17 MAY 1975, Page 15

Medicine

A matter of bad faith

John Linklater

Two years ago The Spectator published an article* which accused the Government of deliberately lowering the standard of medical care in the NHS by employing a proportion of immigrant doctors whose training and competence were known to be far below the minimum level required in our own medical schools. These views attracted a certain amount of incredulous antagonism. At that time Sir Keith Joseph was setting up an independent inquiry under the Vice-Chancellor of the University of Bristol, Doctor A. WMerrison, specifically to report on these matters raised in The Spectator. The inquiry was triggered by the refusal of doctors to pay the General Medical Council a newly imposed annual fee for the right to remain on the medical register. but the underlying discontent was caused by a widespread feeling that the General Medical Council had utterly failed in its duty, and deserved no fee at all.

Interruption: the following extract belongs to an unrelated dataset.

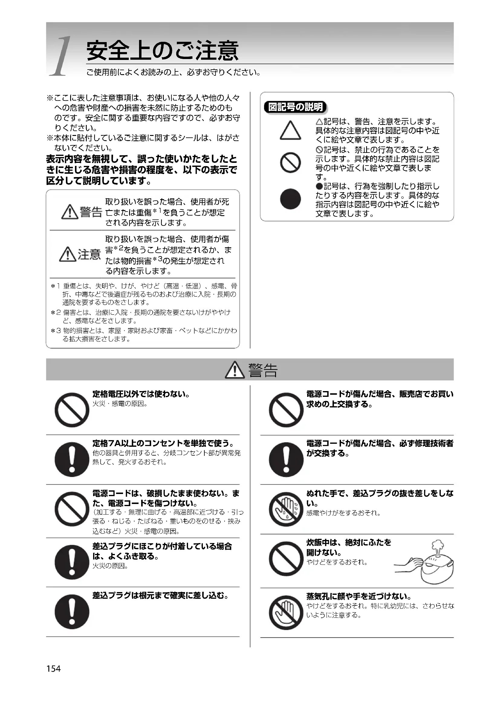 を負うことが想定されるか、または物的損害 の発生が想定される内容を示します。*1重傷とは、失明や、けが、やけど(高温・低温)、感電、骨折、中毒などで後遺症が残るものおよび治療に入院・長期の通院を要するものをさします。*2傷害とは、治療に入院・長期の通院を要さないけがややけど、感電などをさします。*3物的損害とは、家屋・家財および家畜・ペットなどにかかわる拡大損害をさします。 記号は、警告、注意を示します。具体的な注意内容は図記号の中や近くに絵や文章で表します。記号は、禁止の行為であることを示します。具体的な禁止内容は図記号の中や近くに絵や文章で表しま 記号は、行為を強制したり指示したりする内容を示します。具体的な指示内容は図記号の中や近くに絵や文章で表します。 定格電圧以外では使わない。火災・感電の原因。定格7A以上のコンセントを単独で使う。他の器具と併用すると、分岐コンセント部が異常発熱して、発火するおそれ。電源コードは、破損したまま使わない。また、電源コードを傷つけない。(加工する・無理に曲げる・高温部に近づける・引っ張る・ねじる・たばねる・重いものをのせる・挟み込むなど)火災・感電の原因。差込プラグにほこりが付着している場合は、よくふき取る。火災の原因。差込プラグは根元まで確実に差し込む。電源コードが傷んだ場合、販売店でお買い求めの上交換する。電源コードが傷んだ場合、必ず修理技術者が交換する。ぬれた手で、差込プラグの抜き差しをしな 感電やけがをするおそれ。炊飯中は、絶対にふたを開けない。やけどをするおそれ。蒸気孔に顔や手を近づけない。やけどをするおそれ。特に乳幼児には、さわらせないように注意する。

The Merrison Committee has now published its report** which comfirms and vindicates the original accusations made in these columns. It is well written, lucid and courageous. It accepts that without the support of doctors from underdeveloped countries, who are now entering Britain without examination at the rate of about 3,000 each year, the NHS would have collapsed long ago. It proves that a high proportion of the immigrant doctors are indeed trained to a standard that is far below the minimum requirement in British medical schools. One third of all hospital doctors are now iMmigrants while, in some grades such as senior house officers, the proportion is as high as two thirds. This disquietingly high dilution of skill allows the NHS to continue to function but at greatly reduced standards of efficiency and safety.

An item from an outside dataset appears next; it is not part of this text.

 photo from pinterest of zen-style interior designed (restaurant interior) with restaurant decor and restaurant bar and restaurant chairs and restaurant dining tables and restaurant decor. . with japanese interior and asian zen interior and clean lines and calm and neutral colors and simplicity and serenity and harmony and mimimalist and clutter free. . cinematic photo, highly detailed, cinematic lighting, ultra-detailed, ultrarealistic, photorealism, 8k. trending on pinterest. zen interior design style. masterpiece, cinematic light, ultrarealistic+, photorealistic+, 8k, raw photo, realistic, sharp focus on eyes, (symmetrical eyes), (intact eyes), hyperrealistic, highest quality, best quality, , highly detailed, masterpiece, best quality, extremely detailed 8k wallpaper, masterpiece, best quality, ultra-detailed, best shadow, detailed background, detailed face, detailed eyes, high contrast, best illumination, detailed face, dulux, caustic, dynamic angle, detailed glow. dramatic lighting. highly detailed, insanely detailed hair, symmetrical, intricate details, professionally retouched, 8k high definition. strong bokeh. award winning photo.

The General Medical Council is a statutory body set up as a result of the Medical Act of 1858 precisely to safeguard the public from substandard or unqualified medical practitioners. It operates by maintaining a register of doctors who can prove that they have achieved the required level of medical education. In its evidence to the Morrison Committee, the General Medical Council itself frankly admits that it

has been motivated by a wish not to embarrass the NHS. It concedes that it was influenced by medical manpower requirements of the NHS, to the extent that it compromised its statutory position as custodian of medical standards. This is simply another way of saying that government pressure to keep the NHS going at all costs — apart from paying doctors a realistic salary — caused the General Medical Council to betray the trust reposed in it by the public. Merrison points out that one of the consequences is that in the field of psychiatry, for example, where good communication between doctor and patient is the very essence of the diagnosis and treatment, some sixty per cent of the hospital specialist registrars are now immigrants. Of these, many speak inadequate English and hardly any of them share with their patients a common sociological, mythological, religious, ethical or moral background.

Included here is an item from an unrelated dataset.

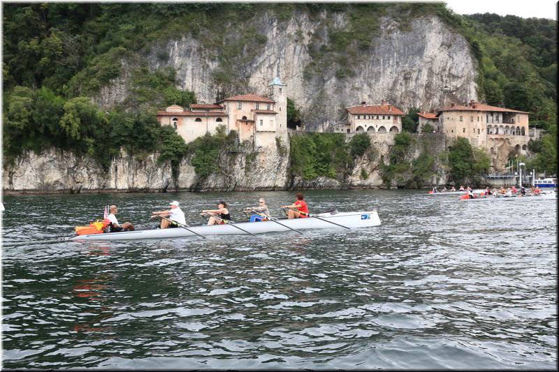 La quarta tappa ha permesso ai partecipanti anche di effettuare la visita forse più suggestiva, quella all’Eremo di Santa Caterina del Sasso. I vogatori hanno raggiunto il santuario via lago (ovviamente) e si sono fermati per circa un’ora accuditi da due guide inglesi messe a disposizione della Provincia. Quindi, dopo aver atteso migliori condizioni climatiche alla Canottieri Arolo, hanno ripreso la propria rotta.

The Health Department, however, is quite unmoved by reason. It pleads justification, virtually asserting that the Health Department should be allowed to set its own medical standards, and implying that the standard of training in British medical schools is unnecessarily high. It has therefore, nominated representatives for the General Medical Council who will toe the government line thus, effectively, destroying the statutory safeguard which Parliament intended the General Medical Council to provide. Sly, cynical dictatorship of this sort recalls the way in which Barbara Castle disposes of pay beds without a parliamentary debate, simply by egging on the unions, and over-rules the law governing age of consent by a simple edict. The Merrison report certainly explains why doctors feel that it is an impertinence for the General Medical Council to impose an annual fee to support a medical register which no longer has any real meaning, and why several hundred British trained doctors leave this country each year in disgust, disenchantment and despair. It is most gratifying that the Merrison committee has now spoken out clearly on behalf of sanity and stability, redefining the role of the General Medical Council as an independent custodian of the standards of medical skill and integrity, and divorcing this entirely from the role of the NHS as provider of medical services. We do not yet know what Barbara Castle really

thinks about the Merrison report, but the chances are that it will require some more impartial, more honest and less embittered, less prejudiced, successor to implement it. If such a successor then has the guts to reduce the load on the average general practitioner by charging a universal consultation fee for the first consultation in any illness, the way will be open to pay the general practitioner for work actually done, at a rate that is properly related to his long training, his long hours of duty and his responsibility for life and death. This will take the intolerable strain off the hospital services and consultants will once again become the respected elders of the profession. The standard of medical care will rise and the NHS will once again become the envy of the world.